## What is needed
Pictures in the listing below are skipped, while the lines from the "滑动加载数据,在js代码中是固定的函数名 onReachBottom" line through the "JUGEMテーマ:徳島 こんにちは、Fです。 10月9〜11日の3日間" line are returned word for word.

## Entries shown
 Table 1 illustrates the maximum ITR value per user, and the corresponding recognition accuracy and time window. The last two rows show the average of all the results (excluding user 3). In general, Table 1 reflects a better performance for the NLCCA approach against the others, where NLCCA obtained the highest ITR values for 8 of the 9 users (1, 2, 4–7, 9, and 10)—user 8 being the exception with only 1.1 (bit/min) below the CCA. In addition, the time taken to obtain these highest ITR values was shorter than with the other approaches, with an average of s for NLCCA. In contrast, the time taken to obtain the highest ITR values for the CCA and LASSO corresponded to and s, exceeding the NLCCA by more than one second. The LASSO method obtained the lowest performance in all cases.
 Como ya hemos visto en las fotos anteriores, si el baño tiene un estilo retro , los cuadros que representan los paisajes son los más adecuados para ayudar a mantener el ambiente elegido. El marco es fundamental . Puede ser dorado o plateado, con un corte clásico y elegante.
==
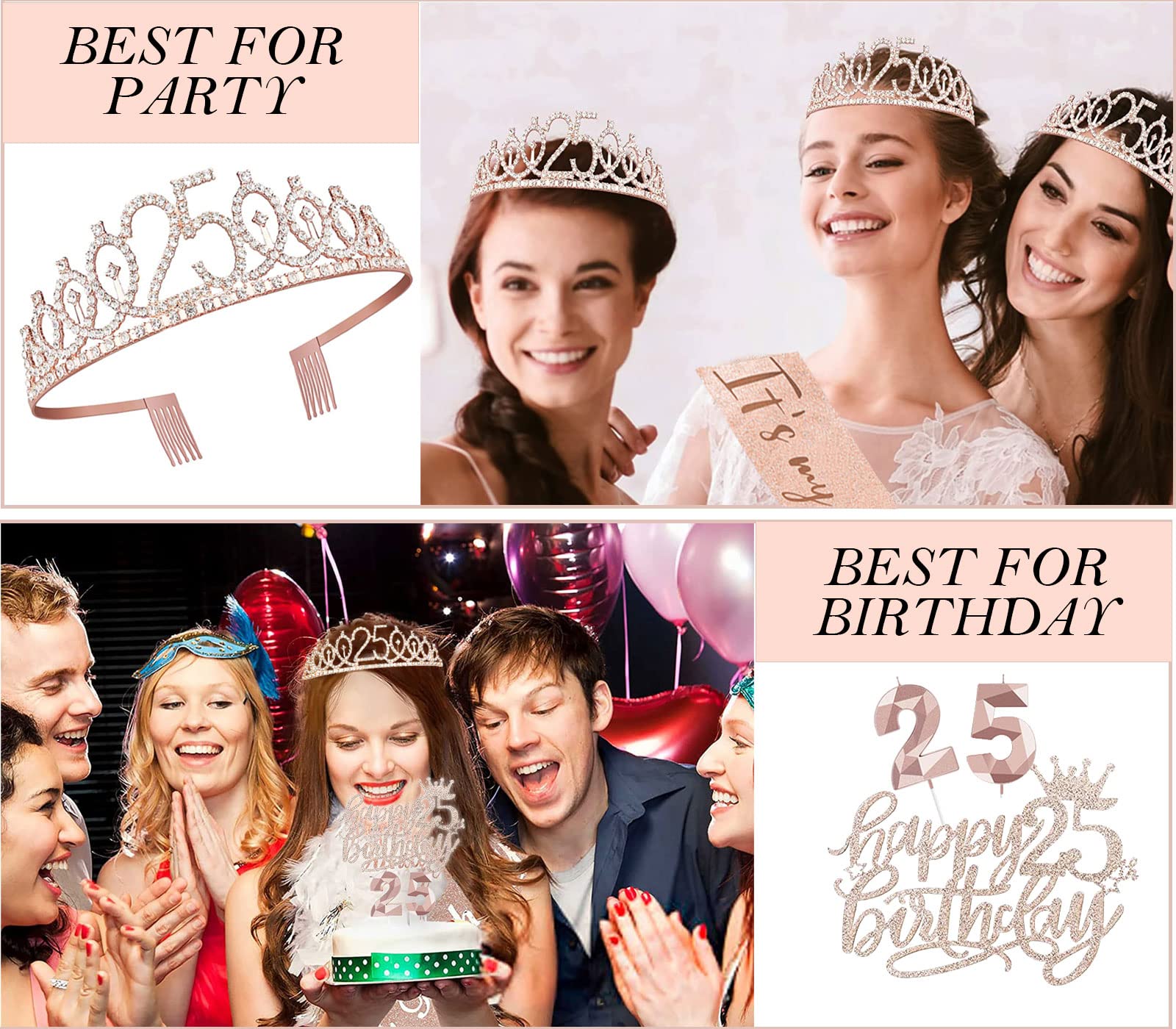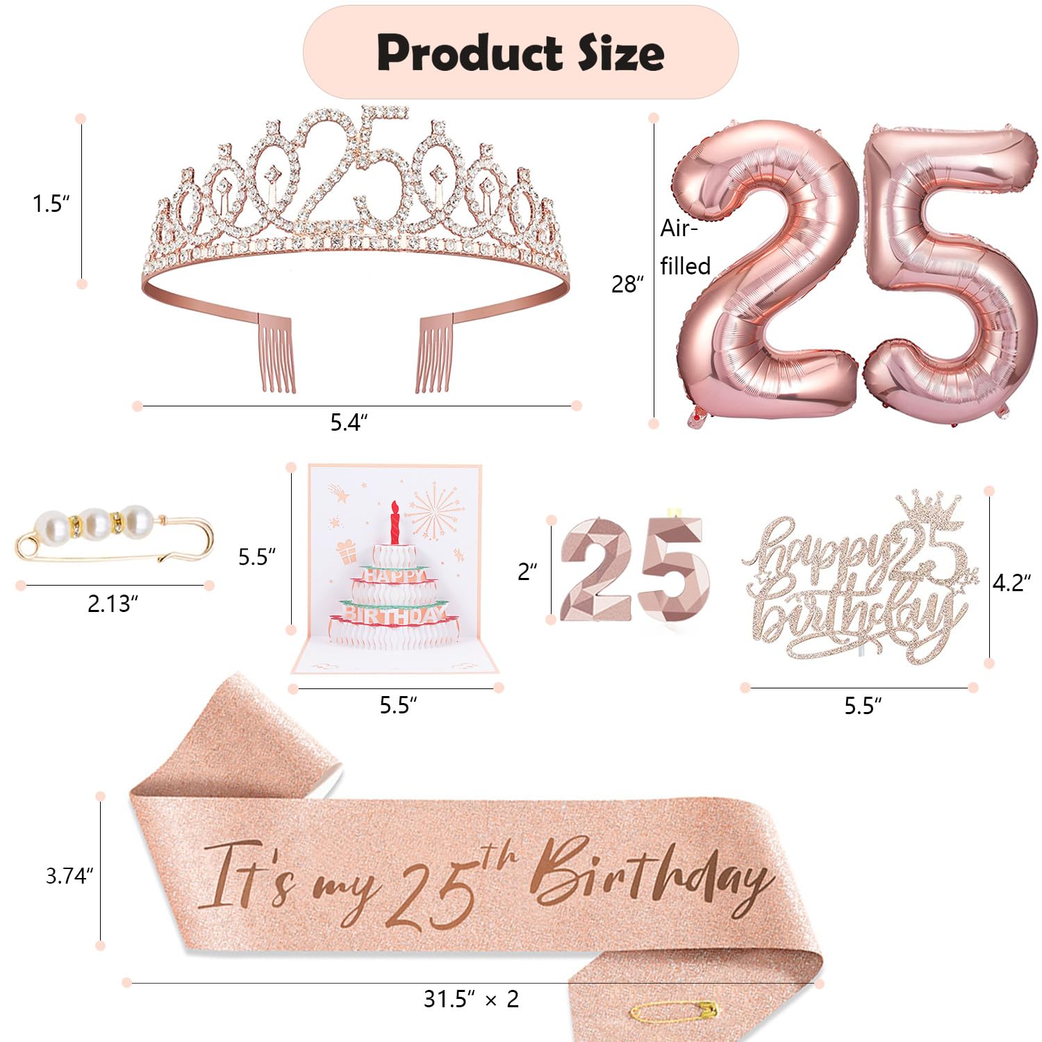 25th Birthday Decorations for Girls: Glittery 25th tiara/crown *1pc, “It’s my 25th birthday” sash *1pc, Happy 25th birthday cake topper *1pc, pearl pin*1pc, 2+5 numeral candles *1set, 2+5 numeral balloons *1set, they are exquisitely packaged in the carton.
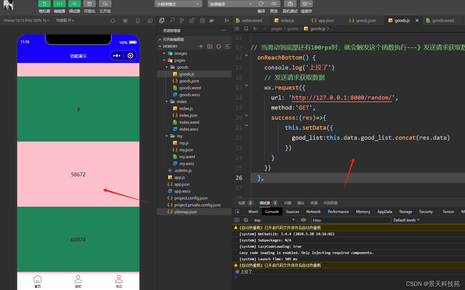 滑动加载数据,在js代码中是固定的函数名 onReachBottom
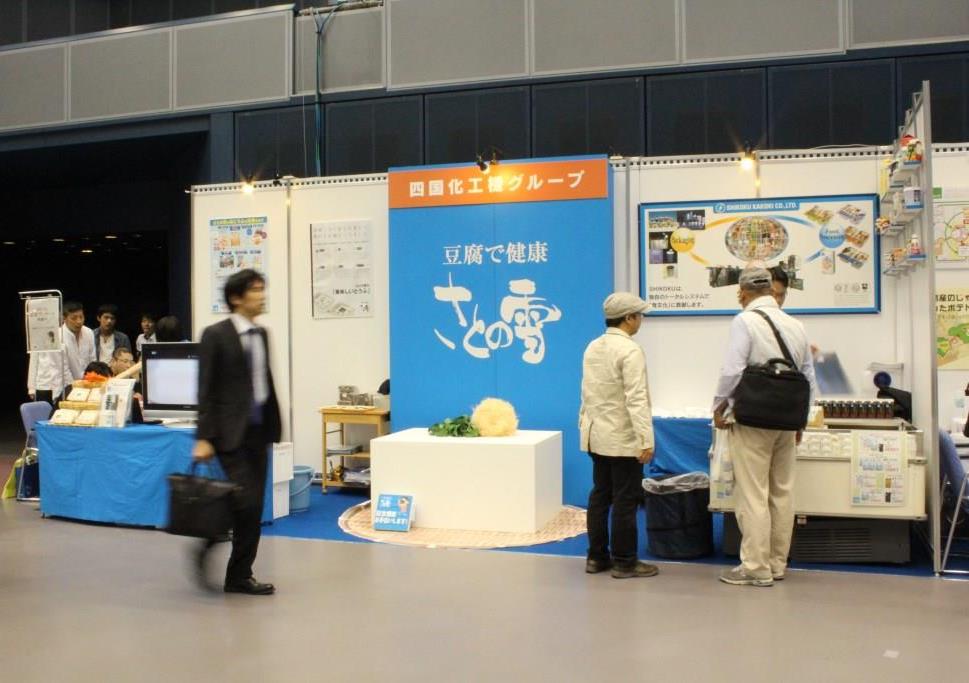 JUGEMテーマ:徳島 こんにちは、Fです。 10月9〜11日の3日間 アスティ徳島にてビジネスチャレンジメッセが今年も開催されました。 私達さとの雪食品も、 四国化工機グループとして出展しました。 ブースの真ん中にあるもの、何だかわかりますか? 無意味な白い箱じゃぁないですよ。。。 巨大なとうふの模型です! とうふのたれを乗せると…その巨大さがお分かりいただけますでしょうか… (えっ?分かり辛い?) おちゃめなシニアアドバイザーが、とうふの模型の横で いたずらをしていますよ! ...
--
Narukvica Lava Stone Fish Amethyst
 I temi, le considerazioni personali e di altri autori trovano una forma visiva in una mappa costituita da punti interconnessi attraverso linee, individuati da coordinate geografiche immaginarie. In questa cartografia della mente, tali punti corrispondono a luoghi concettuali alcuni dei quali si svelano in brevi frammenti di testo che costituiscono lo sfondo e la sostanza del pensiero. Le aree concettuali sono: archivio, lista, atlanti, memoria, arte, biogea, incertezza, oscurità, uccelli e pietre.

## Task solution
 滑动加载数据,在js代码中是固定的函数名 onReachBottom
 JUGEMテーマ:徳島 こんにちは、Fです。 10月9〜11日の3日間 アスティ徳島にてビジネスチャレンジメッセが今年も開催されました。 私達さとの雪食品も、 四国化工機グループとして出展しました。 ブースの真ん中にあるもの、何だかわかりますか? 無意味な白い箱じゃぁないですよ。。。 巨大なとうふの模型です! とうふのたれを乗せると…その巨大さがお分かりいただけますでしょうか… (えっ?分かり辛い?) おちゃめなシニアアドバイザーが、とうふの模型の横で いたずらをしていますよ! ...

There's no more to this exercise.